The brief sequence sees Rey return to her makeshift home after earning her daily portion of bread, which begins as powder and water and inflates before our eyes into a full, nutritious miniature loaf. Such effects would take mere moments for the Star Wars digital effects team, who pioneered the form on the prequel trilogy. However, visual effects supervisor Chris Corbould wanted something more tangible—in keeping with the sequel trilogy’s efforts to recapture many of the practical effects that defined the original Star Wars movies.

Thus, he spent three months molding a custom, genuinely inflatable bread. To make it rise in real time, he deflated the bread under liquid before slowly inflating it on camera while sucking out the accompanying water with a vacuum pump. Such an elaborate process may not have been necessary or strictly worth the time it took to create, but it made this such a curiously memorable scene.[9]

1 Bowling for Turkeys: Kingpin (1996)

The Farrelly brothers’ sports comedy Kingpin offers up an unimpeachable premise: Woody Harrelson and Bill Murray as old bowling pros caught in a years-long rivalry. Needless to say, hilarity ensues.

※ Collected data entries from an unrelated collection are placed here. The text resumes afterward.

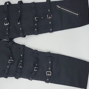 Elevate your style with these black buckle strap pants. Perfect for a bold, edgy look. NWT!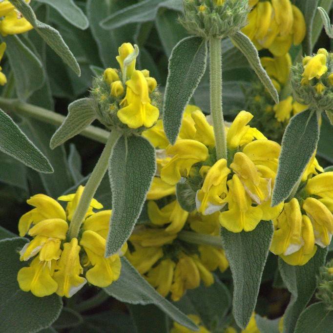 Jerusalem Sage (Phlomis fruticosa) is a striking species of flowering semi-evergreen shrub native to the Mediterranean. It has clusters of yellow-green showy flowers during the summer and creamy grey-green textured leaves. It can reach up to 4 feet in height and is perfect for summer borders and containers. Its long flowering period makes it a good companion to other flowers like roses and lavender. Jerusalem Sage is drought-tolerant and easy to care for, requiring very little maintenance after initial establishment. It can thrive in a wide range of soil conditions and is adaptable to full sun and partial shade locations. Pruning helps keep its growth in check and its foliage neat and tidy.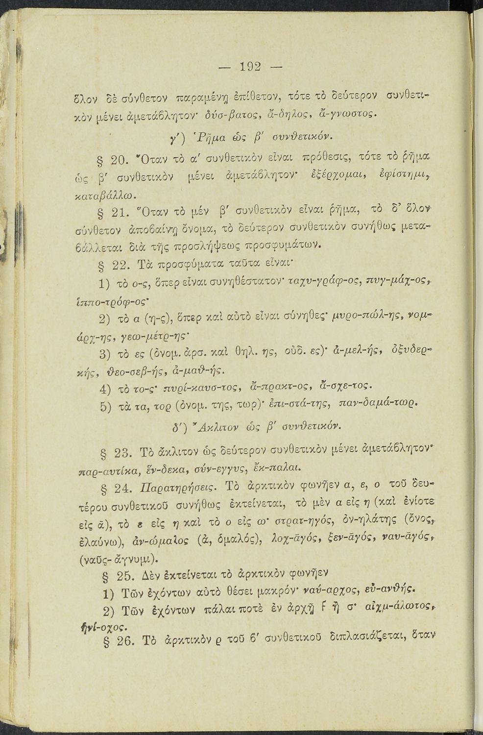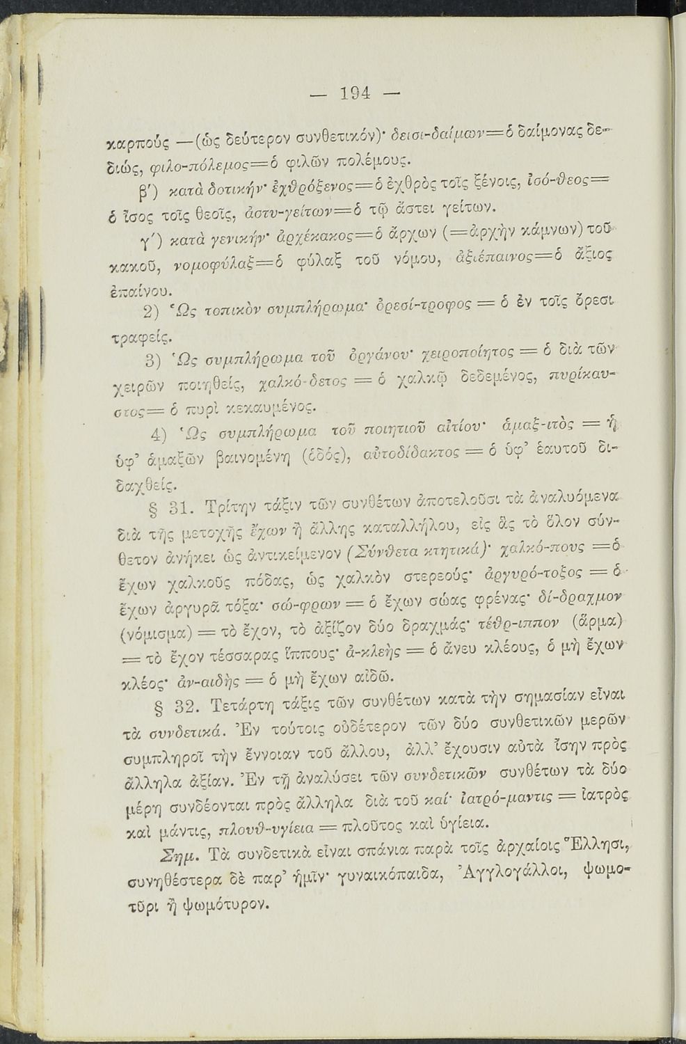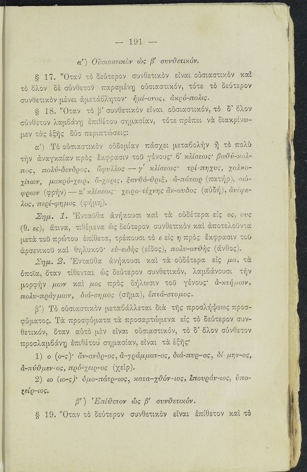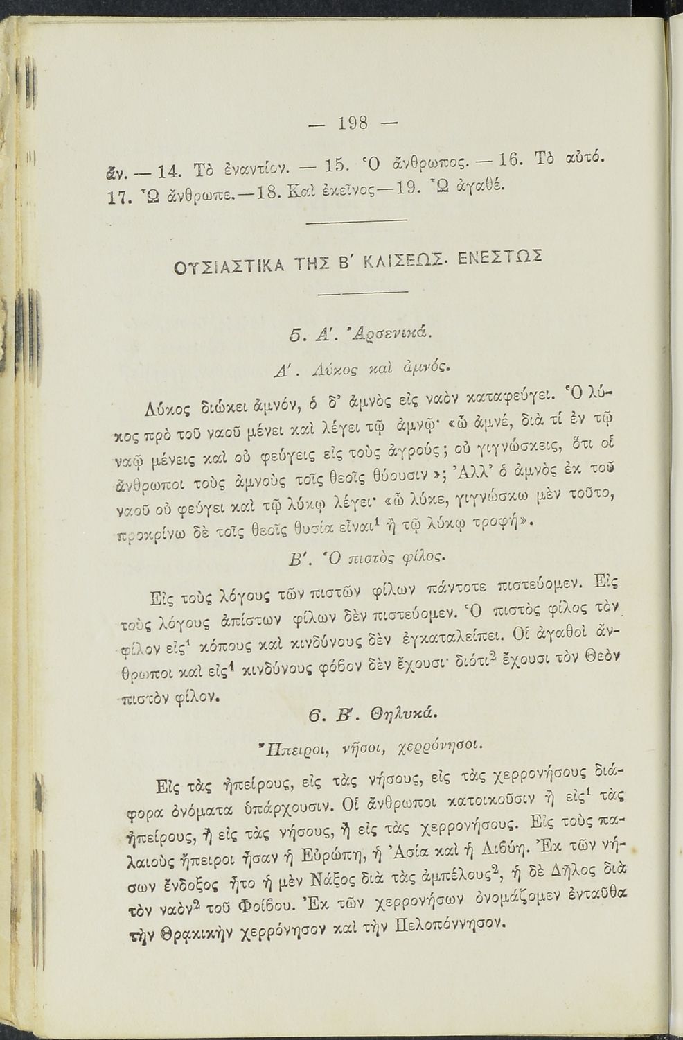 Σχολικό εγχειρίδιο Αρχαίων Ελληνικών για τα Ελληνικά Σχολεία και Παρθεναγωγεία που περιέχει τους κανόνες γραμματικής και είναι χωρισμένο σε φθογγολογικό, τυπολογικό και ετυμολογικό μέρος.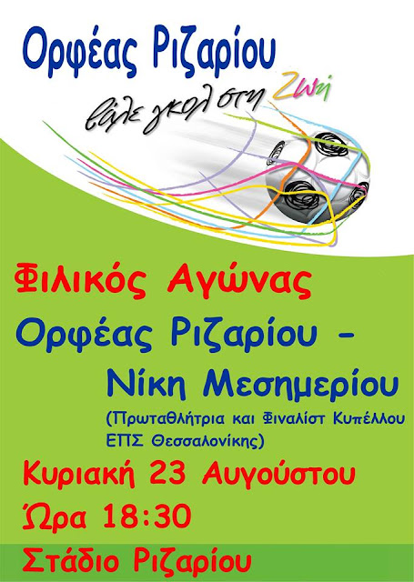Με ένα δυνατό φιλικό αγώνα ξεκινάει ο Ορφέας Ριζαρίου. Την Κυριακή 23 Αυγούστου και ώρα 18:30 θα υποδειχθεί την Νίκη Μεσημερίου μία ομάδα που αγωνίζεται στην Α1 της ΕΠΣ Μακεδονίας και ήταν φιναλίστ στον τελικό κυπέλλου χάνοντας μάλιστα το κύπελλο στα πέναλτι. Η Νίκη Μεσημερίου Θεσσαλονίκης πολλή δυνατή ομάδα που έχει στο δυναμικό της πολλούς αξιόλογους παίκτες. Πριν την έναρξη του αγώνα θα γίνει και αγιασμός εν όψη της νέας αγωνιστικής χρονιάς. Η Διοίκηση του Ορφέα Ριζαρίου εύχεται σε όλες τις ομάδες και τους παίκτες επιτυχία στους στόχους τους χωρίς τραυματισμούς.

Now, this isn’t the type of film one would normally expect any surprising, never mind impossible, scenes to be shot for. Yet, the big showstopper in which Murray bowls a turkey on the lanes—three strikes in a row, to you or I—really did happen. Despite the Farrellys assuming Murray didn’t have such a series of shots in him and fully intending to recut the footage to make it merely look as if he did, the first three shots he rolled on camera each got a strike.

Bobby Farrelly had instructed the packed crowd to go wild for each shot, whatever the outcome, but he needn’t have bothered. With each strike, the crowd got louder and wilder, and on the game-winning triple, everyone went absolutely nuts, with Murray himself dropping prone and spinning himself 360 degrees on the floor, shouting, “I’m the greatest!”[10]